ANTH/AFAM 580:   Culture and Identity in the African Diaspora

ANTH 730: Theory Through Ethnography

Research Interests

Cultural anthropology, race & ethnicity, gender, color and colorism, identity formation, women's formations, natural hair movement, African American and Afro-Latin American culture and experience, African diaspora

Research 

Topics of Interest: racialization and socialization processes; identity formation; cultural construction of race and gender; women’s organizations; international migration; African American culture, color, and colorism; Black ethnic groups in the United States; African American – Latino relations; and African Diaspora communities. Geographic Areas of Interest: Dominican Republic, United States, Brazil, the African Diaspora, and Latin America and the Hispanic Caribbean.

Representative Publications 

2018 Race and Racialized Experiences in Childish Gambino’s “This is America.” Anthropology Now, September 2018, Volume 10(2): http://anthronow.com/book-reviews/this-is-america-reviewed.

2013 “W.E.B. Du Bois” in Theory in Social and Cultural Anthropology (Encyclopedia entry).

2012 Afro-Descendants, Identity, and the Struggle for Development in the Americas. Co-Edited volume with Bernd Reiter. Ruth Simms Hamilton African Diaspora Book Series. East Lansing: Michigan State University Press.

2012 “Navigating the Racial Terrain: Blackness and Mixedness in the United States and the Dominican Republic” in Bernd Reiter and Kimberly Eison Simmons (editors) Afro-Descendants, Identity, and the Struggle for Development in the Americas.
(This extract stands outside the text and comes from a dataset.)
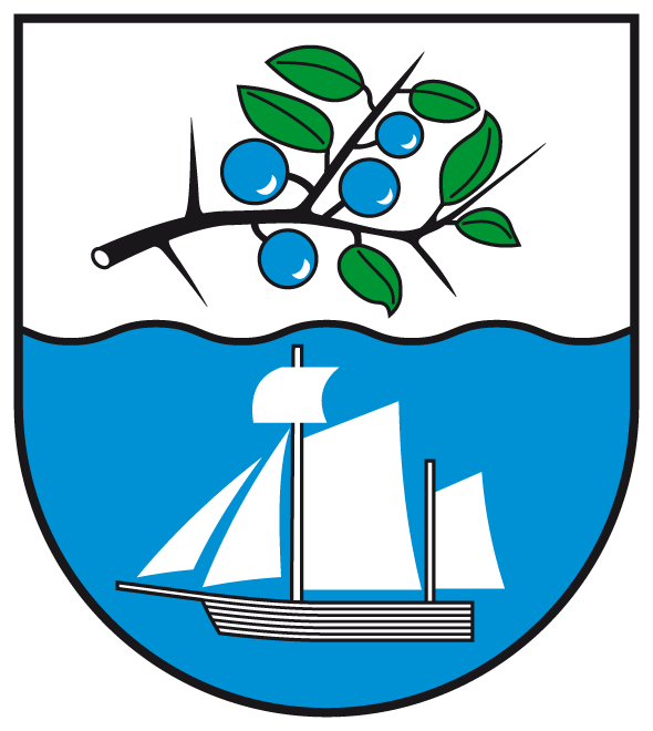 Coat of Arms of Dranske
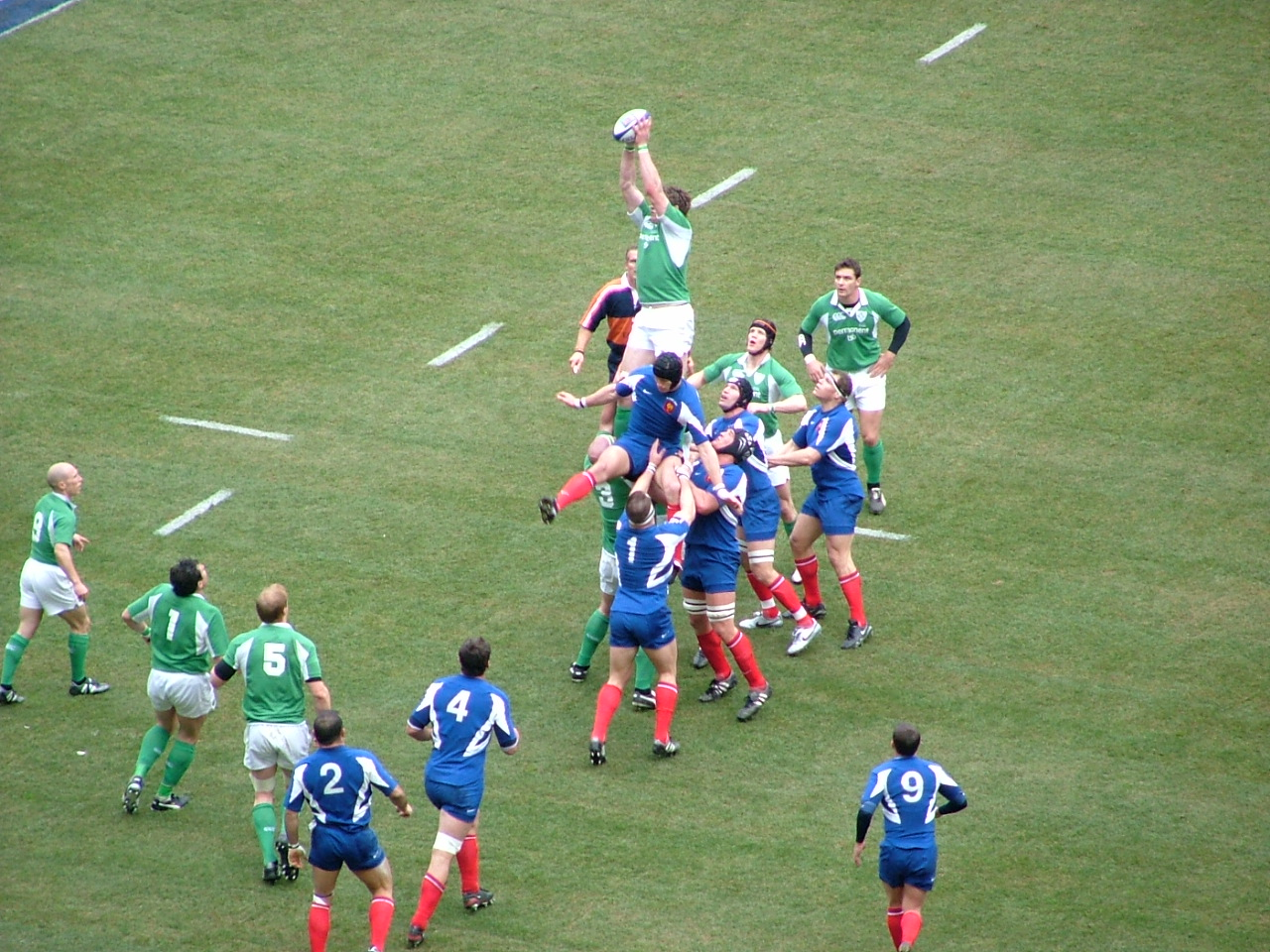 Ireland and France are contesting a lineout during the 2006 Six Nation championship

East Lansing: Michigan State University Press (reprint - printed with permission with some minor edits).

2012 “Constructing and Promoting African Diaspora Identity in the Dominican Republic: The Emergence of Casa de la Identidad de las Mujeres Afro,” in African and Black Diaspora (Special Issue on Rewriting the African Diaspora in the Caribbean and Latin America), 5(1): 123-133.

2012 “Foreword” in The African Presence in Santo Domingo by Carlos Andújar (Michigan State University Press).

2011 "The Politics of Race and Representation: Melville J. Herskovits and the Issue of Blackness," (film review of Herskovits at the Heart of Blackness) in Current Anthropology, 52(3): 483-485 (June 2011).

2010 “Foreword” in Decolonizing Anthropology: Moving Further Toward an Anthropology for Liberation,” Faye V. Harrison (editor). Washington, D.C.: American Anthropological Association.

2009 Reconstructing Racial Identity and the African Past in the Dominican Republic. Gainesville: University Press of Florida. Paperback, January 2011.

Recent Accomplishments 

Advocate for African American Students Award, Center for the Education and Equity for African American Students, January 2019.

Pipeline for Academic Leadership (PAL) Fellow, 2014-15.

Michael J. Mungo Undergraduate Teaching Award, 2010.

President, Association of Black Anthropologists, 2008-2010.